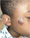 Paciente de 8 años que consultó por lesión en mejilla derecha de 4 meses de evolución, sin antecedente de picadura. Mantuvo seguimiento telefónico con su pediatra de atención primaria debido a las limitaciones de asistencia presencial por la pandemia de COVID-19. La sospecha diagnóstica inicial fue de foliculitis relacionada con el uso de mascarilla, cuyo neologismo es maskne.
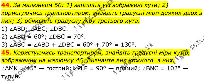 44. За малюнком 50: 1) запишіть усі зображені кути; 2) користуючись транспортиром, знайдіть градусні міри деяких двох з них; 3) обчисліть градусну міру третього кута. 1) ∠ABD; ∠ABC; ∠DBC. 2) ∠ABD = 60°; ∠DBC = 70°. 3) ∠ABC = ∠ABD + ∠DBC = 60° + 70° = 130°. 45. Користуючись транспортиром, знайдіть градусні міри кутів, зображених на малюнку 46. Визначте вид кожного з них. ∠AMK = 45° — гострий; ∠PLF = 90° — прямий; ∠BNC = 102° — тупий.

---

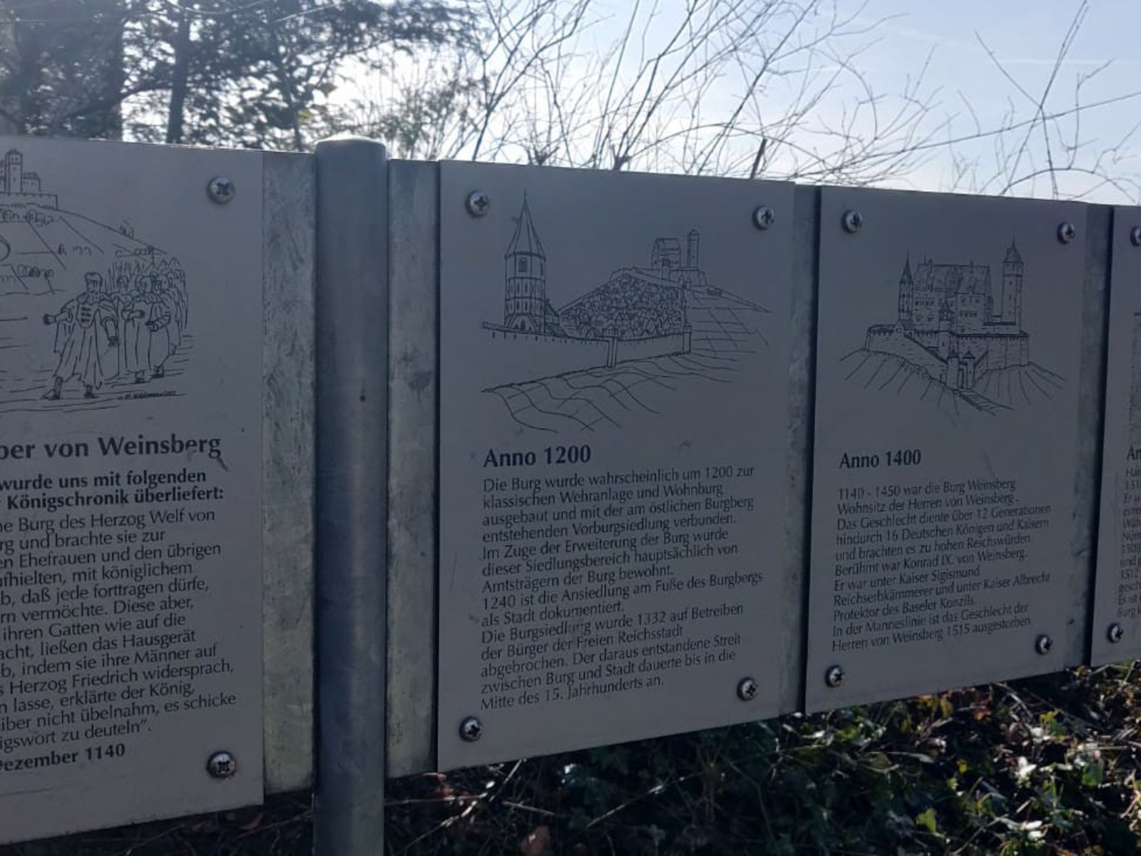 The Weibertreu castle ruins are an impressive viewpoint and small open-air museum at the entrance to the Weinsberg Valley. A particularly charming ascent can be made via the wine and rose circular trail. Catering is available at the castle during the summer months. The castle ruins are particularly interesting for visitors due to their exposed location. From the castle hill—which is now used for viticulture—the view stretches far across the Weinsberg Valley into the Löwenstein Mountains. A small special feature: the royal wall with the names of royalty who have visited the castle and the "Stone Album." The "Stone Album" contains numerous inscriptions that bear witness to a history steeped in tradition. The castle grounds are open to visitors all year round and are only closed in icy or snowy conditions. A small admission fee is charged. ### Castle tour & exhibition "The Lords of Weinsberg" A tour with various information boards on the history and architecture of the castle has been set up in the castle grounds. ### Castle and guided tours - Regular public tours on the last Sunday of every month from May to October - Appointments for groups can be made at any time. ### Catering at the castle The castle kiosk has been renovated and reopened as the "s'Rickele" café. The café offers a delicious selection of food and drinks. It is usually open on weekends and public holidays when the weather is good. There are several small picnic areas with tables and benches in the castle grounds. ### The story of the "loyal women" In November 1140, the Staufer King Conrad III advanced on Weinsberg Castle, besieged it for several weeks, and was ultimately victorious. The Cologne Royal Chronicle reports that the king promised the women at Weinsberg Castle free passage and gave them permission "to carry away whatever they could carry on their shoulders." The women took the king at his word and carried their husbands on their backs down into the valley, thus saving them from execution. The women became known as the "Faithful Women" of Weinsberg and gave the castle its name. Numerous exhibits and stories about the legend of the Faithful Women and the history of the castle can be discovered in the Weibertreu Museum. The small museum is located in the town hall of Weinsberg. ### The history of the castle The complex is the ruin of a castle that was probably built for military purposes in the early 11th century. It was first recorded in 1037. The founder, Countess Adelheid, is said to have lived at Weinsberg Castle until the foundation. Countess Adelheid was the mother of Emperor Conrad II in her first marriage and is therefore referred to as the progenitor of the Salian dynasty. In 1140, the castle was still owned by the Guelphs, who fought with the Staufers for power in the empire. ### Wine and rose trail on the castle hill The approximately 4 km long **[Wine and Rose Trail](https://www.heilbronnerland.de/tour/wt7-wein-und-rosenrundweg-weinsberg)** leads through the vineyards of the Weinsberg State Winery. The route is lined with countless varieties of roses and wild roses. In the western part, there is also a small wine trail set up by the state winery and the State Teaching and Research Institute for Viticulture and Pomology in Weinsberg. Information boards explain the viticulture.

TRY IT
Pictures aside, print exactly the lines above starting with the one containing "Paciente de 8" and going on through the one containing "44. За малюнком".

FINISHED EXERCISE
 Paciente de 8 años que consultó por lesión en mejilla derecha de 4 meses de evolución, sin antecedente de picadura. Mantuvo seguimiento telefónico con su pediatra de atención primaria debido a las limitaciones de asistencia presencial por la pandemia de COVID-19. La sospecha diagnóstica inicial fue de foliculitis relacionada con el uso de mascarilla, cuyo neologismo es maskne.
 44. За малюнком 50: 1) запишіть усі зображені кути; 2) користуючись транспортиром, знайдіть градусні міри деяких двох з них; 3) обчисліть градусну міру третього кута. 1) ∠ABD; ∠ABC; ∠DBC. 2) ∠ABD = 60°; ∠DBC = 70°. 3) ∠ABC = ∠ABD + ∠DBC = 60° + 70° = 130°. 45. Користуючись транспортиром, знайдіть градусні міри кутів, зображених на малюнку 46. Визначте вид кожного з них. ∠AMK = 45° — гострий; ∠PLF = 90° — прямий; ∠BNC = 102° — тупий.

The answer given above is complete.